A new report by Grant Thornton indicates that 51 percent of CFOs feel the economy will improve in the next six months. That same number is similarly hopeful about their sector’s financial prospects.
But when the unemployment rate is dropping and more companies are hiring, employer-funded costs for compensation and benefits tend to rise. CFOs are expecting some of that, but they aren’t forecasting across-the-board increases.
More than half (54%) of the 1,000 executives Grant Thornton polled said the costs of employees bonuses would remain the same for the next 12 months, and 70% said equity-based compensation would trend similarly. The costs of 401(k) matches and employee retirement contributions other than 401(k) matches would also remain steady, more than 80% said.

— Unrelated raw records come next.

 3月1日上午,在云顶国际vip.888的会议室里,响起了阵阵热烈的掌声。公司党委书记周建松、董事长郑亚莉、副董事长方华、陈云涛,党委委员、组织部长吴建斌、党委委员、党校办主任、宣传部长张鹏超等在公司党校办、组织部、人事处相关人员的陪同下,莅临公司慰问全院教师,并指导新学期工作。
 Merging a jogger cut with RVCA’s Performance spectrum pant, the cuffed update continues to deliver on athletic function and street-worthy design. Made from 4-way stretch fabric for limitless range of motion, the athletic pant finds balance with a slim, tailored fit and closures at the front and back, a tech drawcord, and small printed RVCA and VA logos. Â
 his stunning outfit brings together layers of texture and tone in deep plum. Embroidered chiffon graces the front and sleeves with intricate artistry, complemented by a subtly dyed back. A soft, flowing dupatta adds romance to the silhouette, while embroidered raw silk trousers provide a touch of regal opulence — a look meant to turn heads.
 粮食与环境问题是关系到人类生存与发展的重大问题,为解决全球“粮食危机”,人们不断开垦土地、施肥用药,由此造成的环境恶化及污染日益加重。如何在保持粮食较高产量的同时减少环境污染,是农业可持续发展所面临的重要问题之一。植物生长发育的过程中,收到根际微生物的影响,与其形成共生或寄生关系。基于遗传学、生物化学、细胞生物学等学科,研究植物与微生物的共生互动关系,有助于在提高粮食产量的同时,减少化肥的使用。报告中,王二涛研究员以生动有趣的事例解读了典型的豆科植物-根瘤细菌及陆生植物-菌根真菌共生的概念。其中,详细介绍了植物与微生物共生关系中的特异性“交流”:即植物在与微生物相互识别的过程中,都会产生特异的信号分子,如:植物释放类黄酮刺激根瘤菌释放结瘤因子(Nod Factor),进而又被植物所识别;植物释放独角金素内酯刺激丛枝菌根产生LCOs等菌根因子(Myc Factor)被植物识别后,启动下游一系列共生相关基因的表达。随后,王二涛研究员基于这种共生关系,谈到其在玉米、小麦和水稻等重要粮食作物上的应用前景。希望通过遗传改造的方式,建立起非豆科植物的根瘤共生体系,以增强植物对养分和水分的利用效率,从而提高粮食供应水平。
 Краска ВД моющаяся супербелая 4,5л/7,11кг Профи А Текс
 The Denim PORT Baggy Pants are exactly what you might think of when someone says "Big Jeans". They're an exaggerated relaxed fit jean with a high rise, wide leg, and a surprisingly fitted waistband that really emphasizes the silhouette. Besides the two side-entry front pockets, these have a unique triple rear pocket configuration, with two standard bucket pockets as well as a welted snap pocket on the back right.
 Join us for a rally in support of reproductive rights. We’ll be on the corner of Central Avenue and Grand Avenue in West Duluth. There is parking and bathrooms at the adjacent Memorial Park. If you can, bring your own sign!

But companies aren’t going to totally escape higher overhead. Almost 70% of the CFOs said employee salaries will bump up considerably during the next year (see chart at bottom of story). In addition, 55% of CFOs believed the costs of employee health benefits would increase, with 11% indicating they would rise considerably.
Besides some increases in the costs to employ workers, CFOs said that they also expect higher energy and raw materials costs. Fifty-four percent of the CFOs predicted an increase in energy expenses. “Many executives have made this issue a priority and designed strategies to improve their company’s use of energy,” according to Grant Thornton. “These strategies include increasing the use of company-generated energy, installing or replacing systems with energy-efficient products and taking advantage of energy-efficiency programs and incentives provided by many utility companies.”
Also on the rise will be raw materials prices, indicated 59% of CFOs. “Continual, sustained growth in countries such as China and India has made the raw materials market much more competitive,” according to Grant Thornton.
Of the survey’s participants, the majority (76 percent) were from private companies while the remaining 24 percent were with public firms.